Registrants with a third-level domain have under three months to secure the shorter .uk equivalent before it's made generally available.

.UK registrants with a third-level domain name have less than three months left to secure the shorter .uk equivalent before it’s made available to the public.

The deadline to register a reserved .uk domain is 6am BST (UTC+1) on the 25th of June 2019. This marks the end of the ‘Right of Registration’ period set aside by Nominet in June 2014 to allow these third-level domain registrants plenty of time to decide if they want the shorter name.

Those with .co.uk registrations before midnight on 28th October 2013 were given five years. If a co.uk wasn’t registered at the time, rights would have passed to the org.uk and then the me.uk domain name.

Check to see if you have reserved .uk rights

What happens after the deadline?

All previously reserved but unregistered domains will become generally available in July. Of the original 10 million domains who had their rights reserved in June 2014, there are now 3.2 million domains that haven’t registered to the shorter .uk equivalent while 2 million have been registered.

Nominet have contacted registrants over the Right of Registration period through direct contact, webinars, regular promotion and registrar initiatives. Look out for an advertising campaign in May.

Eleanor Bradley, COO of Nominet, said: “For some companies, they will really want to secure the shorter domain for their own use, now or in the future, or to guarantee nobody else can use it.

“Others are happy with the domain they have and don’t want to register or use another. It’s important to stress to those people that the existing domain will continue as normal, and no action is required.”

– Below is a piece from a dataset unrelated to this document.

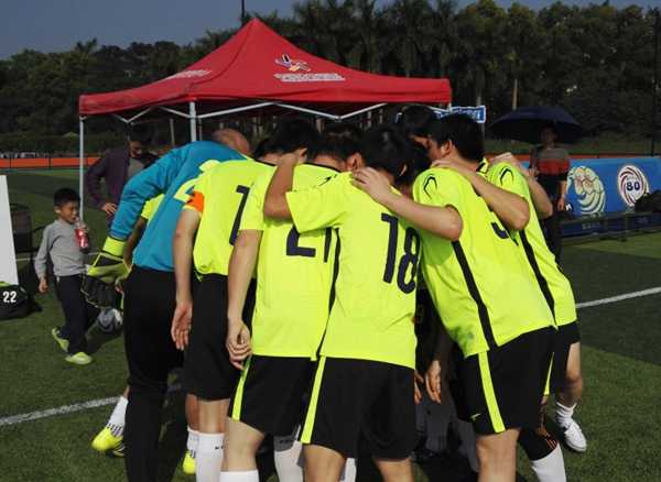 这是一支团结的队伍!不管场上场下,大家相互提醒、相互关心。赢了,分享快乐;输了,互相鼓励!因为我们是一个团队!我们是快乐的足球一家人!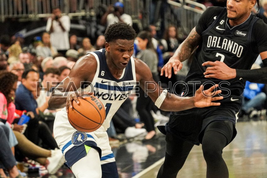 Orlando, Florida, USA, November 16, 2022, Minnesota Timberwolves Guard Anthony Edwards #1 runs pass Chuma Okeke #3 in the second half at the Amway Center. (Photo Credit: Marty Jean-Louis)

The global domain name system rules that the same set of characters before the dot (known as the ‘string’) can appear in names with different suffixes. So, the same name with .co.uk, .org.uk and .com can belong to three different people.

Bradley adds: “In the vast majority of cases, very similar domains co-exist with no problems.  But for the rare cases where someone is abusing their domain or using it for illegitimate purposes, we have safeguards in place so action can be taken swiftly.”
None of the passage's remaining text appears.